Record extracts ::
Start of Block
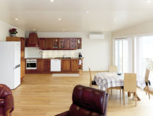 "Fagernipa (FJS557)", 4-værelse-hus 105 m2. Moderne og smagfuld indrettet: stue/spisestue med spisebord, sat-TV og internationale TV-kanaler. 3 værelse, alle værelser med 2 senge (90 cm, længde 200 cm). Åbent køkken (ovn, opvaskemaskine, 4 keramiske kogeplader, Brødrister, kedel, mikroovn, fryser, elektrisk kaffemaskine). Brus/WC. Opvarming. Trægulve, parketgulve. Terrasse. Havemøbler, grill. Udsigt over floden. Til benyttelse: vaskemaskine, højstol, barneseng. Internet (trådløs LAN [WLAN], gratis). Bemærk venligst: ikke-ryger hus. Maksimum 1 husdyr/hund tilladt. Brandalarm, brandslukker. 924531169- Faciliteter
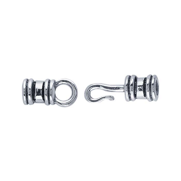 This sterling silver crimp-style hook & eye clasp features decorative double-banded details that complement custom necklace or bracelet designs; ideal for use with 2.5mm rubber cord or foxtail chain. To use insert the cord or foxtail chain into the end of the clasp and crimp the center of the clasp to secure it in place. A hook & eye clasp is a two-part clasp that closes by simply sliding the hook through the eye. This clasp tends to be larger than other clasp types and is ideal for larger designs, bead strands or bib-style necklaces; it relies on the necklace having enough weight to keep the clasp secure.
End of Block
Start of Block
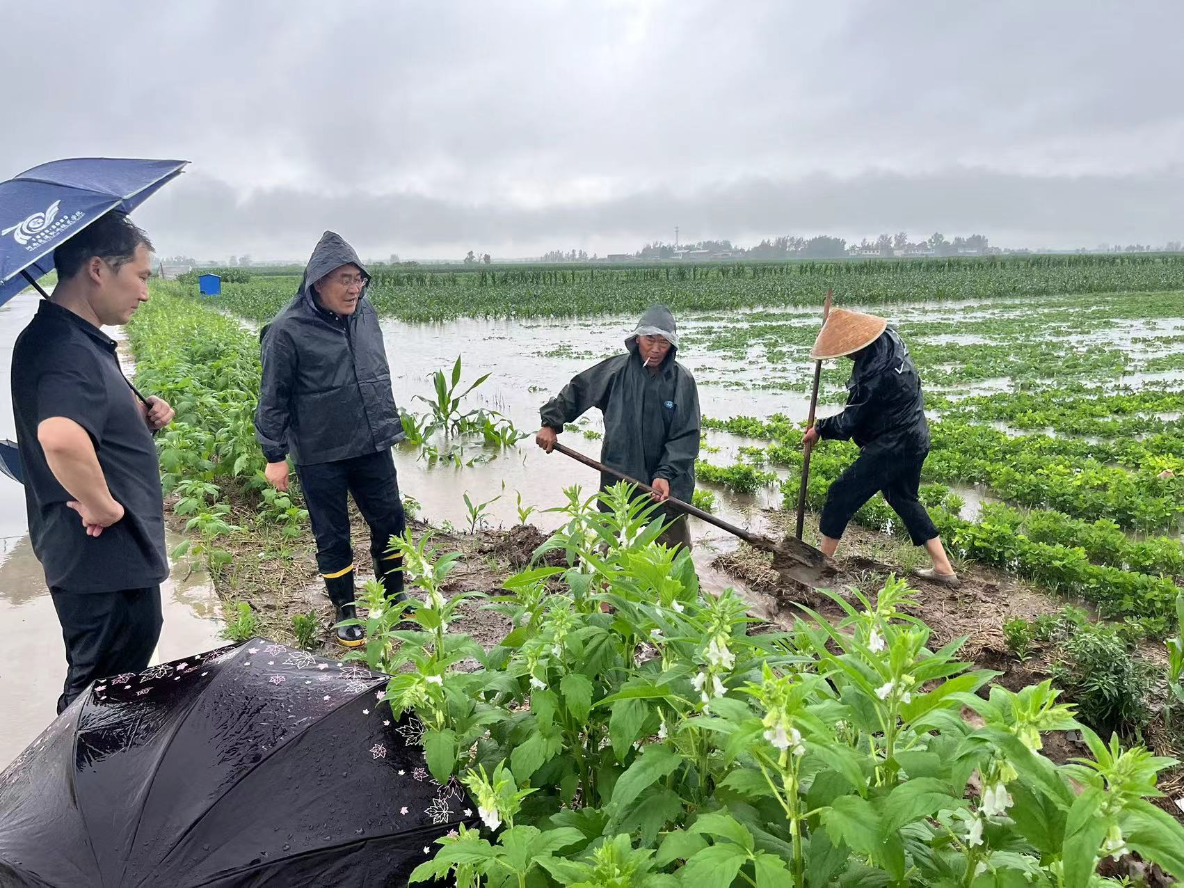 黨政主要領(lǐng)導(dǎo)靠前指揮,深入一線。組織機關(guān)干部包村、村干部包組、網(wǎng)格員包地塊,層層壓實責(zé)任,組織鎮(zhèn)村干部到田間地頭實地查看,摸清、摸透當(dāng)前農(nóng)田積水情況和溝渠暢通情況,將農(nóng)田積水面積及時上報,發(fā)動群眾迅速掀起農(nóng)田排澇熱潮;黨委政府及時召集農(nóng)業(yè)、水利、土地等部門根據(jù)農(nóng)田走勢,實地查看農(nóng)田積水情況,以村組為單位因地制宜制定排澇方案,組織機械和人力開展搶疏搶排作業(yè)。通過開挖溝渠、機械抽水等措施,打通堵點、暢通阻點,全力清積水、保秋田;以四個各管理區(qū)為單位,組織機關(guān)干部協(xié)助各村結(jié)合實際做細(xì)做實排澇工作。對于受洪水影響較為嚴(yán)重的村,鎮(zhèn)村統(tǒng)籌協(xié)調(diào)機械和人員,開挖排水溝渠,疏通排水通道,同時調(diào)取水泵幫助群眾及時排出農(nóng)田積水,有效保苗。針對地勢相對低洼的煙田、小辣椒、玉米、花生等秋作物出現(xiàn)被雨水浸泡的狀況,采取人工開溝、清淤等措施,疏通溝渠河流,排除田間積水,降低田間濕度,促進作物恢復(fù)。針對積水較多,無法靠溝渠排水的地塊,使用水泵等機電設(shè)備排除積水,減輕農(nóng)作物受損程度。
End of Block
Exercise objective ::
Go back to the lines above and output, exactly as they stand, the ones from the line containing "brandslukker. 924531169- Faciliteter" to the line containing "This sterling silver". Leave all pictures behind.

Exercise answer ::
 "Fagernipa (FJS557)", 4-værelse-hus 105 m2. Moderne og smagfuld indrettet: stue/spisestue med spisebord, sat-TV og internationale TV-kanaler. 3 værelse, alle værelser med 2 senge (90 cm, længde 200 cm). Åbent køkken (ovn, opvaskemaskine, 4 keramiske kogeplader, Brødrister, kedel, mikroovn, fryser, elektrisk kaffemaskine). Brus/WC. Opvarming. Trægulve, parketgulve. Terrasse. Havemøbler, grill. Udsigt over floden. Til benyttelse: vaskemaskine, højstol, barneseng. Internet (trådløs LAN [WLAN], gratis). Bemærk venligst: ikke-ryger hus. Maksimum 1 husdyr/hund tilladt. Brandalarm, brandslukker. 924531169- Faciliteter
 This sterling silver crimp-style hook & eye clasp features decorative double-banded details that complement custom necklace or bracelet designs; ideal for use with 2.5mm rubber cord or foxtail chain. To use insert the cord or foxtail chain into the end of the clasp and crimp the center of the clasp to secure it in place. A hook & eye clasp is a two-part clasp that closes by simply sliding the hook through the eye. This clasp tends to be larger than other clasp types and is ideal for larger designs, bead strands or bib-style necklaces; it relies on the necklace having enough weight to keep the clasp secure.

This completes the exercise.